# Dooly county



## Tommy12 (Aug 8, 2005)

I have 375 acres in Dooly county.This is part of Redhawk plantation. There is some very big bucks in this area.There is also a lot of hogs. The 375 acres is split into  2 tracts,one is 125 and the other is 250.I need about four or five more members. The dues will be $600 if I get five or $750 if I get four. There is a camp site with power and water,but it is a additional $100 per camper,if you use electricity. That is to cover the cost of the power bill. I have to let the guy know soon,so if your interested let me know.


----------



## edge (Aug 8, 2005)

Tommy, 

Is this the 250 just north of hwy. 230 and the 100 acres across the dirt road from it? If so, I can give you some information about the hunting and foodplots, as we had that piece and the land beside it for some years....

erifle


----------



## Tommy12 (Aug 8, 2005)

Yes, the 250 is just north of hwy 230,but the 125 is right behind the camp.The 125 is the tract that borders that big agriculture field. What do you know about it?


----------



## edge (Aug 8, 2005)

We had it leased a few years ago...1800 acres one year, then 600 behind camp, and then 600 across road, then 250 north of 230. Until 2 years ago.
Fence off that land behind camp!! Too many openings off the dirt road!
LOTS of pigs over there. The 250 had summer plots last year, because we had planted it in spring before we got the new place. I don't know what the guys we subleased it to did for last fall. On the 250, you're almost surrounded by roads, so I liked the long roads and out of the way foodplots toward the back.
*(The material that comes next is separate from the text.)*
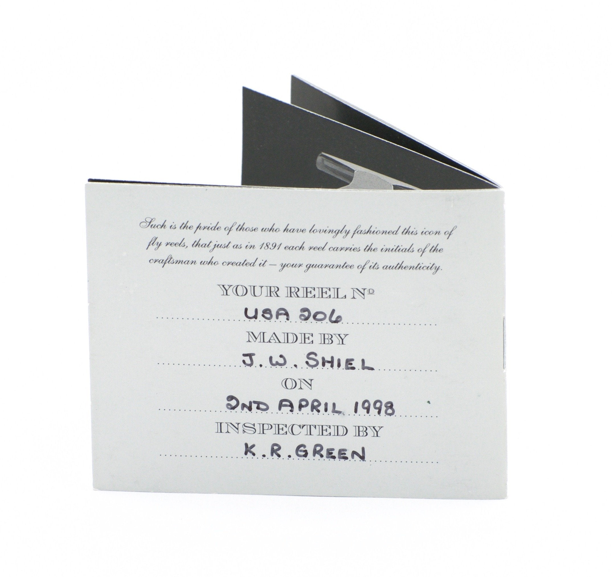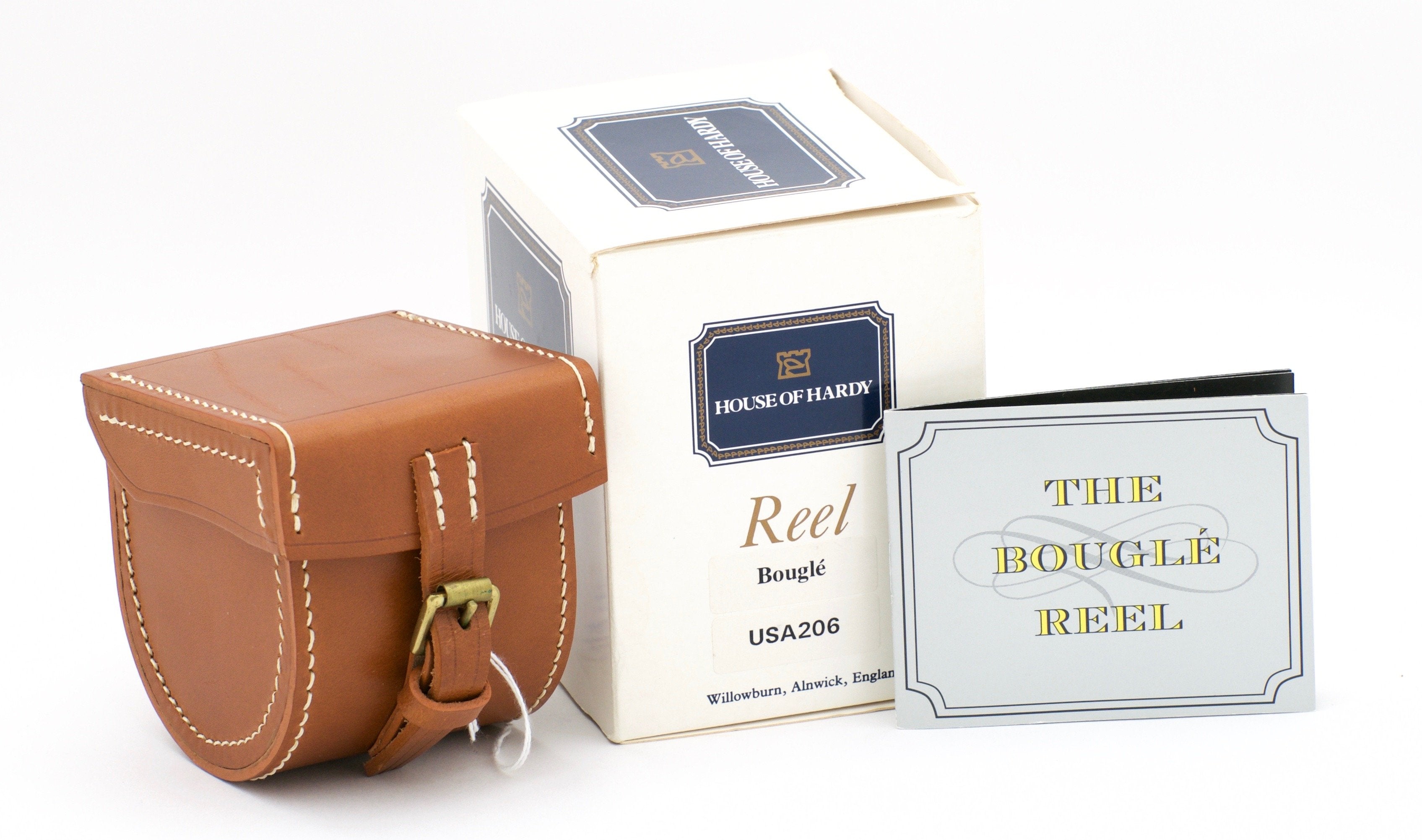 For sale here is a Hardy Bougle Limited Edition fly reel commemorating the 1903 Hardy Bougle model. Mint condition, never lined. These reels were all made in England. This particular reel was made by J.W. Shiel of Hardy Bros. as can be seen by his initials inside. This is serial #206. Comes with original box, block leather case, and paperwork.

There is a pretty little meadow on a hill beside the beaver pond.
That back field is pretty nice too...lots of trails coming up out of that creek swamp. The camp has alot of guys I know. They are not shooters...they pass up alot of bucks. Good guys. By the way, you probably already know this, but we didn't see many deer until cold weather, and the rut kicks in strong around Nov. 10-15 and runs through Thanksgiving. You'll see more bucks than does then, probably. And lastly, give them deer plenty to eat to draw them across those roads....

er


----------



## Tommy12 (Aug 8, 2005)

Thanks for the info. We are in the process of putting up gates.


----------



## Tommy12 (Aug 8, 2005)

I just got off the phone with the care taker of the land and he said that I can not have no more than 4 member added. They try to keep the number of hunters per acre pretty high,which is good, it just cost more. So the dues will be $750 for 4 more hunters.


----------



## tom turkey 2x2 (Aug 8, 2005)

does Mitch Slay still run red Hawk??


----------



## Tommy12 (Aug 8, 2005)

No he does not. He sold Redhawk,and bought some land in Lexington,Ga.  He is in the process of installing a high fence. They will have Deer,hogs,and exotics. He still owns all the land he was leasing in Dooly county.


----------



## edge (Aug 8, 2005)

I believe he still just leases the land from Germans and subleases it to the public......


----------



## denny (Aug 9, 2005)

I had a second lease from Mitch. He kept adding rules out of the blue. One nite we were cooking supper, and had a camp fire going. He came flying up in his truck, got out, and said,"Put it out, put it out right now, there are no camp fires allowed." First time we had heard of this rule. This was minor compared to some of his actions. He seemed to be a bit of a hot head to me. Got up the next morning harvested a couple of does, and never hunted there again.


----------



## edge (Aug 9, 2005)

You better not have harvested those does on the same day or before December one, or you broke another rule!!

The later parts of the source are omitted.